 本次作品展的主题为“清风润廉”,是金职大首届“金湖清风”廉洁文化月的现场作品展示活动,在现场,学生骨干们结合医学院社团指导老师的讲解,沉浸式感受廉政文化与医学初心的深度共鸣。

○ ○ ○ ○ ○ ○ ○

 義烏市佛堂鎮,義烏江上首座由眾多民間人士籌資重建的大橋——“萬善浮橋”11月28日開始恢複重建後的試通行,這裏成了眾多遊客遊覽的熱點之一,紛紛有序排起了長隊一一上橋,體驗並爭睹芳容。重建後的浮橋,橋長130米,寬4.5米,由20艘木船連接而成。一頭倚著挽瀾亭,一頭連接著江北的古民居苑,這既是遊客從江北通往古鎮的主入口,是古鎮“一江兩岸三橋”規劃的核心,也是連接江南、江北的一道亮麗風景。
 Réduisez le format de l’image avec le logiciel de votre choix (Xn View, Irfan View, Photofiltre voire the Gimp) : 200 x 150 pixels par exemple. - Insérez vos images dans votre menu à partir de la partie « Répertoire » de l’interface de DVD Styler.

○ ○ ○ ○ ○ ○ ○

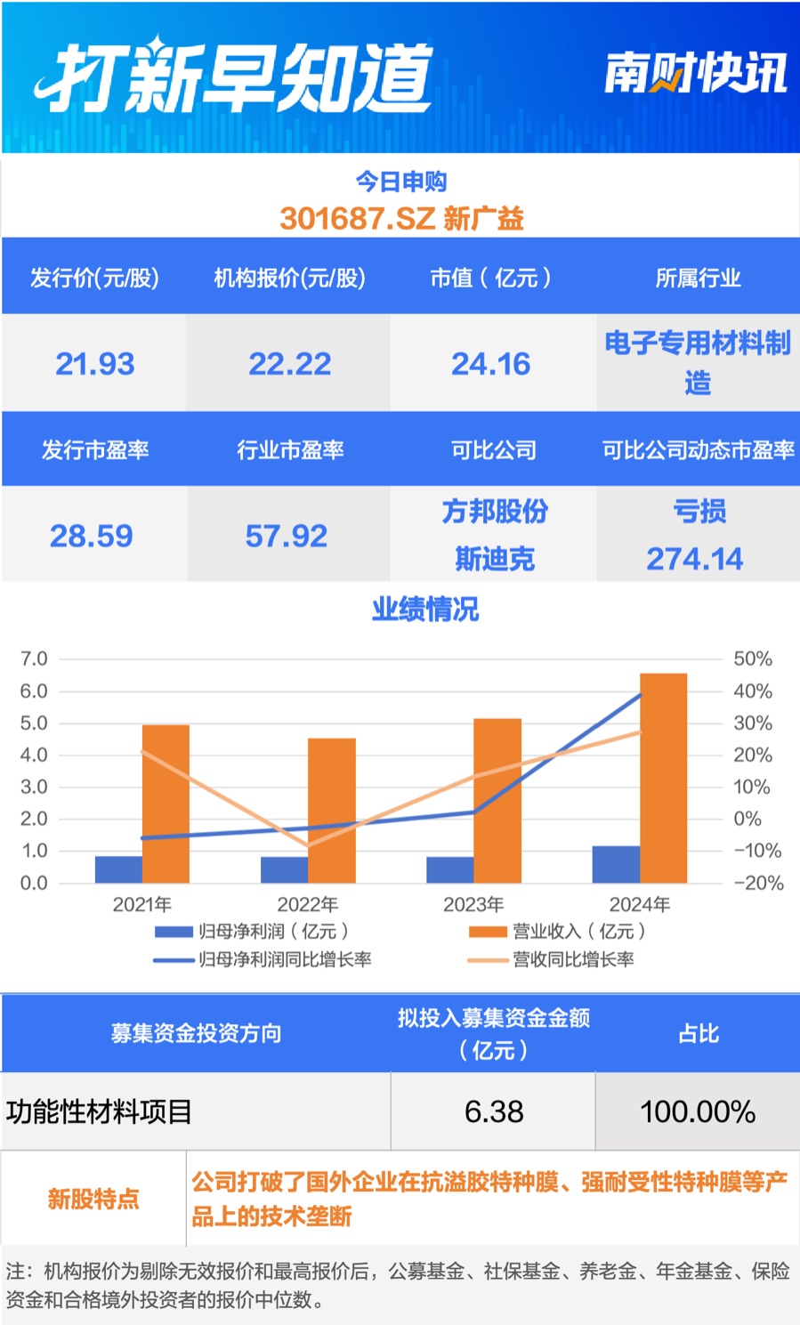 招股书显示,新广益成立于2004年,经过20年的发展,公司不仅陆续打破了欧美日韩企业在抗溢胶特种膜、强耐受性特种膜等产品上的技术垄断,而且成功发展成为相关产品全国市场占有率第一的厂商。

○ ○ ○ ○ ○ ○ ○

When you reach the line containing "義烏市佛堂鎮,義烏江上首座由" in the data above, start copying exactly, and stop after the line containing "Réduisez le format".

 義烏市佛堂鎮,義烏江上首座由眾多民間人士籌資重建的大橋——“萬善浮橋”11月28日開始恢複重建後的試通行,這裏成了眾多遊客遊覽的熱點之一,紛紛有序排起了長隊一一上橋,體驗並爭睹芳容。重建後的浮橋,橋長130米,寬4.5米,由20艘木船連接而成。一頭倚著挽瀾亭,一頭連接著江北的古民居苑,這既是遊客從江北通往古鎮的主入口,是古鎮“一江兩岸三橋”規劃的核心,也是連接江南、江北的一道亮麗風景。
 Réduisez le format de l’image avec le logiciel de votre choix (Xn View, Irfan View, Photofiltre voire the Gimp) : 200 x 150 pixels par exemple. - Insérez vos images dans votre menu à partir de la partie « Répertoire » de l’interface de DVD Styler.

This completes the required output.